During pregnancy, new medical problems can also develop, and old ones can be
exacerbated (e.g., migraine headaches), requiring pharmacologic therapy.
Studies have shown that most pregnant women do use either prescribed or
over-the-counter medications during pregnancy (Bonati 1990, De Vigan 1999,
Lacroix 2000, Mitchell 2001). Interviews of approximately 20,000 U.S. and
Canadian women conducted over 25 years reported a mean of 2.3 medications used
during pregnancy, excluding vitamins and minerals (Mitchell 2001).
Of the women
interviewed, 28 percent reported using more than four medications during
pregnancy, and medication use increased with maternal age. In addition, the
mean number of medications taken, in successive 5-year intervals, progressively
increased from 2.7 to 4.4, indicating secular patterns of medication use by
pregnant women. A comparison of therapeutic drug use during pregnancy in Europe
showed that 64 percent of women used at least one drug during pregnancy (De Vigan 1999), while in France, pregnant women were prescribed an average of five
drugs during the first trimester (Lacroix 2000).

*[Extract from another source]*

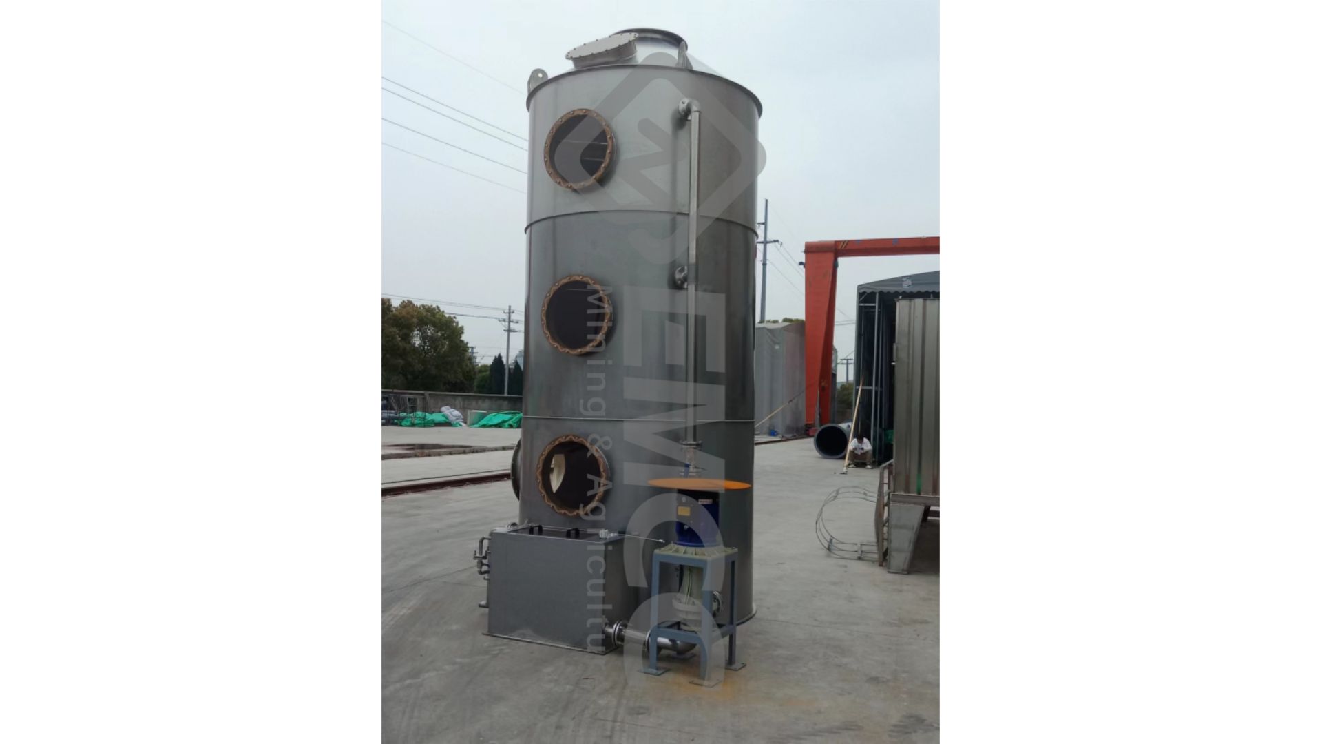 Una torre de pulverización es un tipo común de equipo de tratamiento de gases que se utiliza para eliminar los contaminantes de los gases de escape. Por lo general, consta de una torre alta con una unidad de pulverización de líquido en la parte inferior y una salida de gas en la parte superior. Los gases de escape ingresan a la torre y se rocían con un absorbente líquido a través de un dispositivo de pulverización, de modo que los contaminantes entran en contacto con el líquido y se adsorben. Posteriormente, el gas limpio se descarga por la parte superior, mientras que la suciedad permanece en el líquido. La torre de pulverización es adecuada para tratar todo tipo de gases de escape, como hollín, niebla ácida, materia orgánica, etc. Tiene las ventajas de una estructura simple, operación conveniente y alta eficiencia, y es ampliamente utilizado en el tratamiento de gases en el proceso de producción industrial.

Generally, the safety and efficacy of a drug are
established for a particular dosage regimen or range of dosage regimens in late
phase (Phase 3) clinical trials involving relatively typical representatives
from the target patient population. Pregnant women are actively excluded from
these trials, and, if pregnancy does occur, the usual procedure is to
discontinue treatment and drop the patient from the study. Consequently, at the
time of a drug’s initial marketing, except for products developed to treat
conditions specific to pregnancy (e.g., oxytocics, cervical ripening agents),
there are seldom human data on the appropriate dosage and frequency of
administration during pregnancy. Even after years of marketing, data in product
labels regarding PK and dose adjustments during pregnancy rarely provide more
information for appropriate prescribing in pregnancy than was available at the
time of initial marketing.
The few data to address appropriate dosage and frequency of
administration in pregnancy are not usually supported by a full understanding of
the alterations of the PK of the drug in pregnancy. For example, the majority
of published PK studies of anti-infective drug products during pregnancy were
conducted at the time of abortion or delivery (usually via cesarean section) and
were done to determine the transplacental passage of drug. In the absence of
data, the usual adult dose is typically prescribed for pregnant women. Because
of the physiologic changes inherent in pregnancy, the result can be substantial
under dosing, or, in some cases, excessive dosing.
Extrapolation of PK data from studies performed in
nonpregnant adults fails to take into account the impact of the many physiologic
changes that occur during pregnancy. Most of the physiologic changes manifest
during the first trimester and peak during the second trimester of pregnancy.
Physiologic changes are not fixed throughout pregnancy but rather reflect a
continuum of change as pregnancy progresses, with return to baseline at various
rates in the postpartum period. The physiologic changes have the potential to
alter the PK and/or PD of drugs. Some of these changes include:
·
Changes in total body weight and body fat composition.
·
Delayed gastric emptying and prolonged gastrointestinal transit
time.
·
Increase in extra cellular fluid and total body water.
·
Increased cardiac output, increased stroke volume, and elevated
maternal heart rate.
·
Decreased albumin concentration with reduced protein binding.
·
Increased blood flow to the various organs (e.g., kidneys,
uterus).
·
Increased glomerular filtration rate.
·
Changed hepatic enzyme activity, including phase I CYP450
metabolic pathways (e.g., increased CYP2D6 activity), xanthine oxidase, and
phase II metabolic pathways (e.g., N-acetyltransferase).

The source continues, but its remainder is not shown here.